* **WORK REQUEST**: This calls for a word-for-word copy of all the data, with each picture removed.

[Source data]
+--

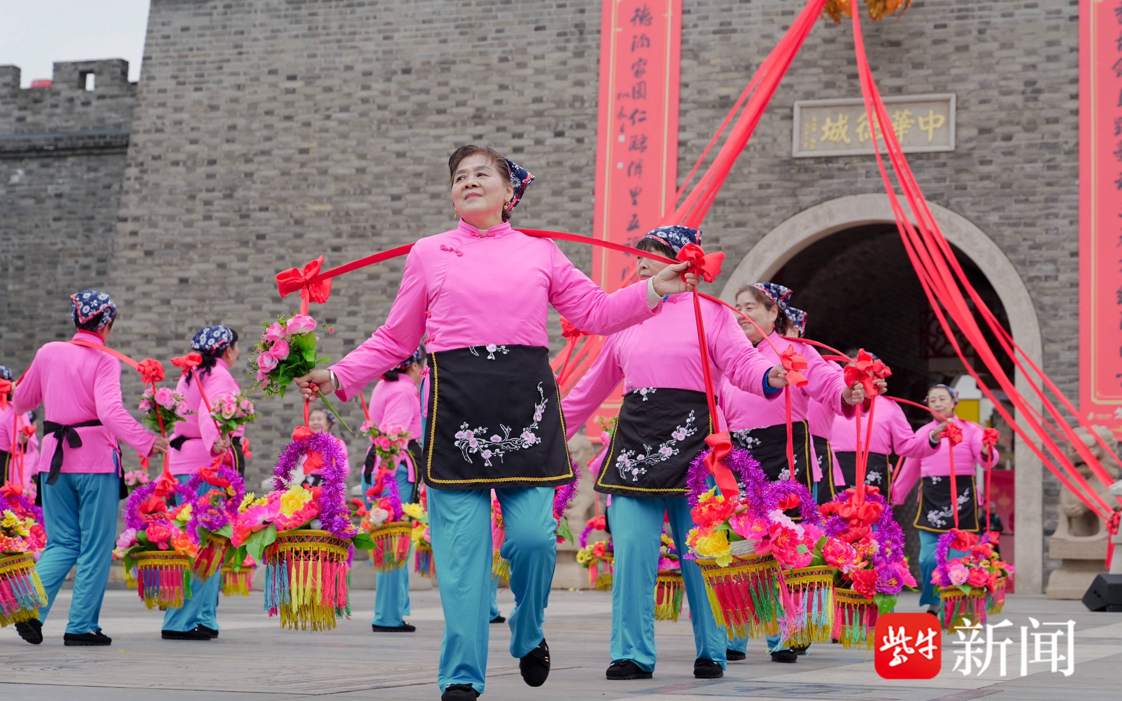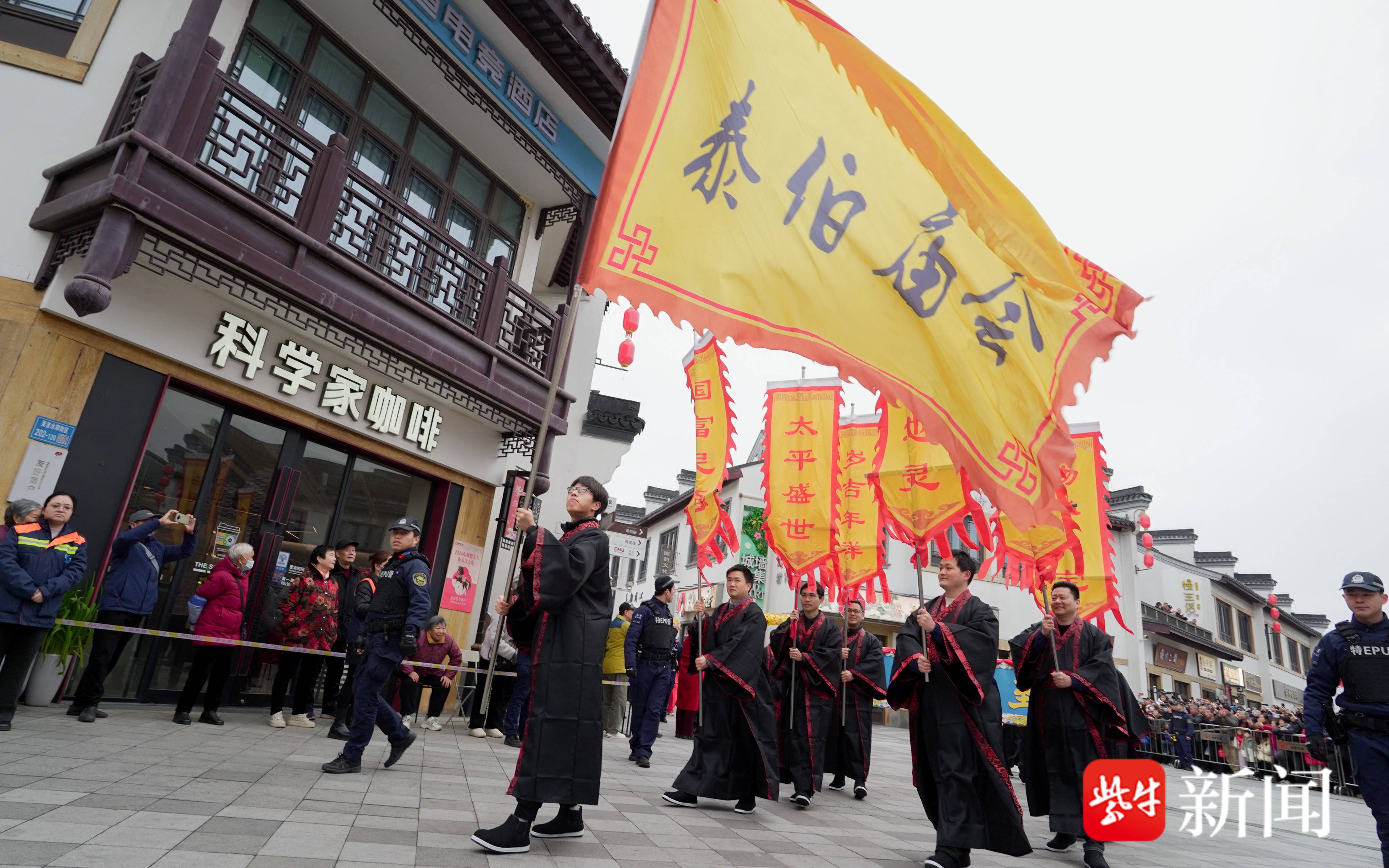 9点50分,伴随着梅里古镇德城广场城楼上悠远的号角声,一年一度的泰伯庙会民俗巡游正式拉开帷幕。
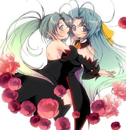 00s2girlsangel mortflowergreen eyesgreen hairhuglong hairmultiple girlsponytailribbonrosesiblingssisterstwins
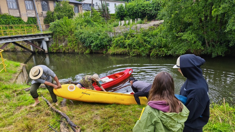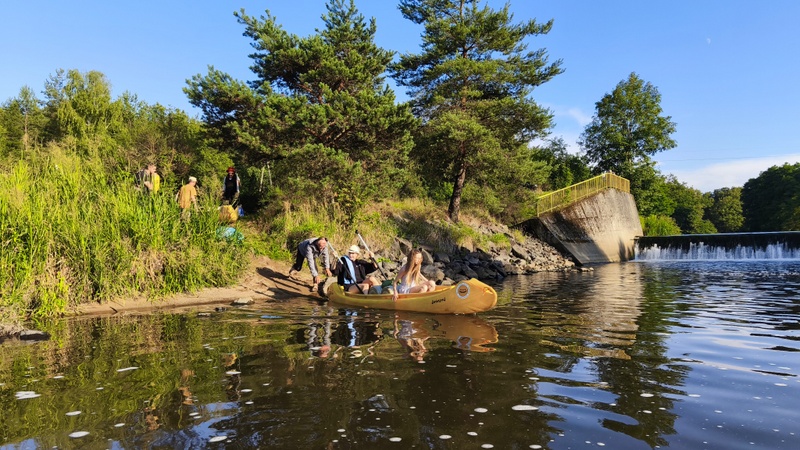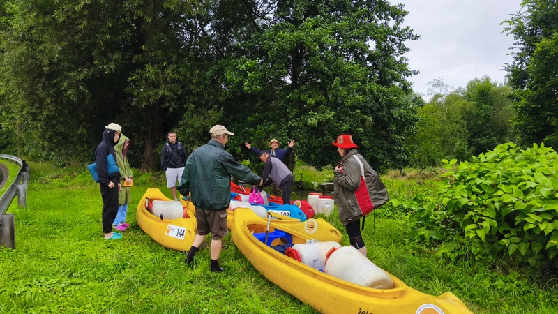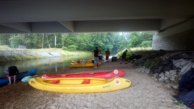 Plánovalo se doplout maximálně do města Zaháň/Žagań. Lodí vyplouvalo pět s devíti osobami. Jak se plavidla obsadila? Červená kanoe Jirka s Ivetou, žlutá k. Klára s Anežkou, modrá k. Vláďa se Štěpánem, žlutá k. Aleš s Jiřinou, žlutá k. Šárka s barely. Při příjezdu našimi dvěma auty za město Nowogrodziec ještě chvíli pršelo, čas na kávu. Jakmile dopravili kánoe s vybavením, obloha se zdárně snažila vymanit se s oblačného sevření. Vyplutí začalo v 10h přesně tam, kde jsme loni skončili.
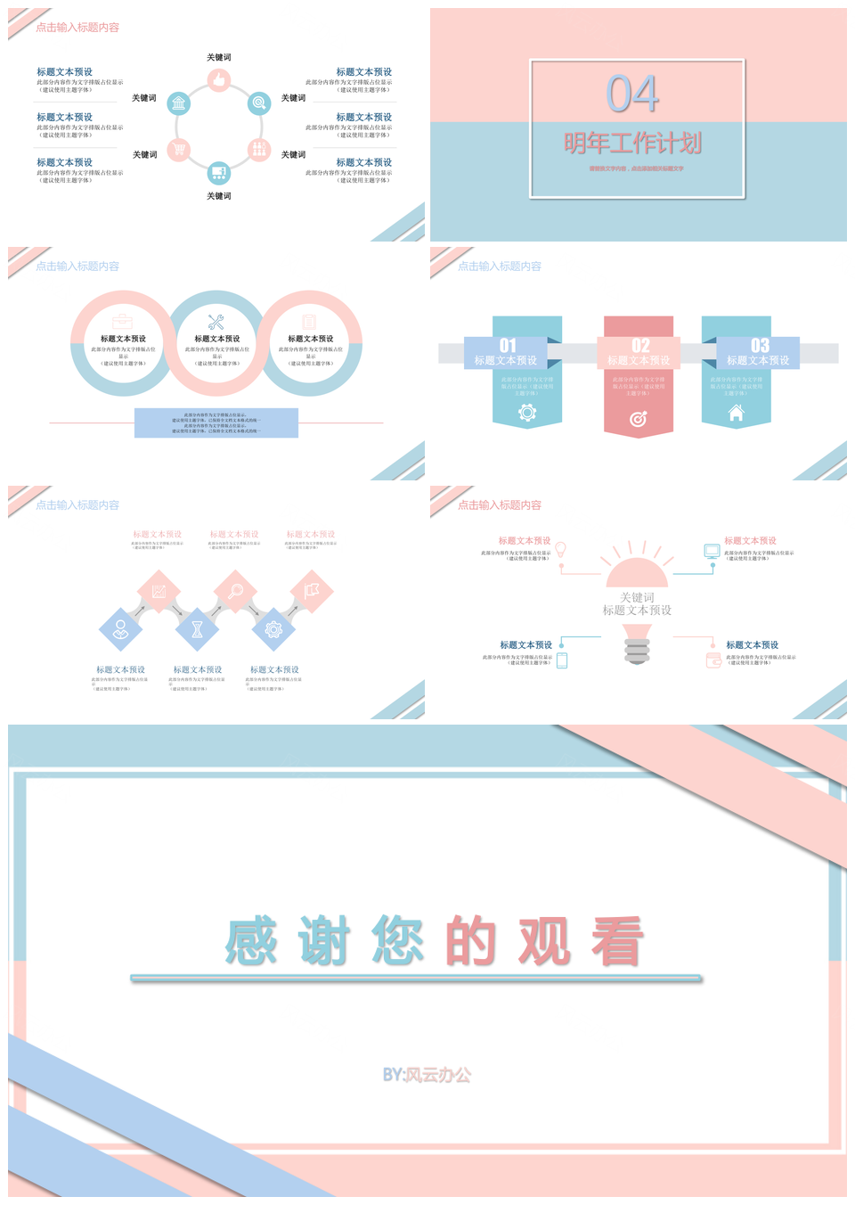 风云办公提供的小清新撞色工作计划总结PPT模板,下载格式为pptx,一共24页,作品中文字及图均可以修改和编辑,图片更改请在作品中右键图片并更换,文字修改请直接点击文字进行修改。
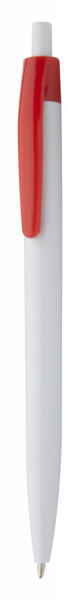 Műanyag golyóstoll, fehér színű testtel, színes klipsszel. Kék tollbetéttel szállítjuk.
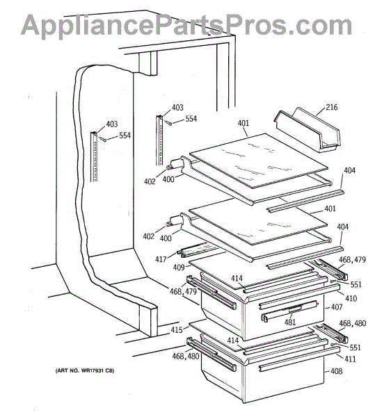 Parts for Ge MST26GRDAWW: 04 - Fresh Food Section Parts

+--

* **TASK RESULT**:
 9点50分,伴随着梅里古镇德城广场城楼上悠远的号角声,一年一度的泰伯庙会民俗巡游正式拉开帷幕。
 00s2girlsangel mortflowergreen eyesgreen hairhuglong hairmultiple girlsponytailribbonrosesiblingssisterstwins
 Plánovalo se doplout maximálně do města Zaháň/Žagań. Lodí vyplouvalo pět s devíti osobami. Jak se plavidla obsadila? Červená kanoe Jirka s Ivetou, žlutá k. Klára s Anežkou, modrá k. Vláďa se Štěpánem, žlutá k. Aleš s Jiřinou, žlutá k. Šárka s barely. Při příjezdu našimi dvěma auty za město Nowogrodziec ještě chvíli pršelo, čas na kávu. Jakmile dopravili kánoe s vybavením, obloha se zdárně snažila vymanit se s oblačného sevření. Vyplutí začalo v 10h přesně tam, kde jsme loni skončili.
 风云办公提供的小清新撞色工作计划总结PPT模板,下载格式为pptx,一共24页,作品中文字及图均可以修改和编辑,图片更改请在作品中右键图片并更换,文字修改请直接点击文字进行修改。
 Műanyag golyóstoll, fehér színű testtel, színes klipsszel. Kék tollbetéttel szállítjuk.
 Parts for Ge MST26GRDAWW: 04 - Fresh Food Section Parts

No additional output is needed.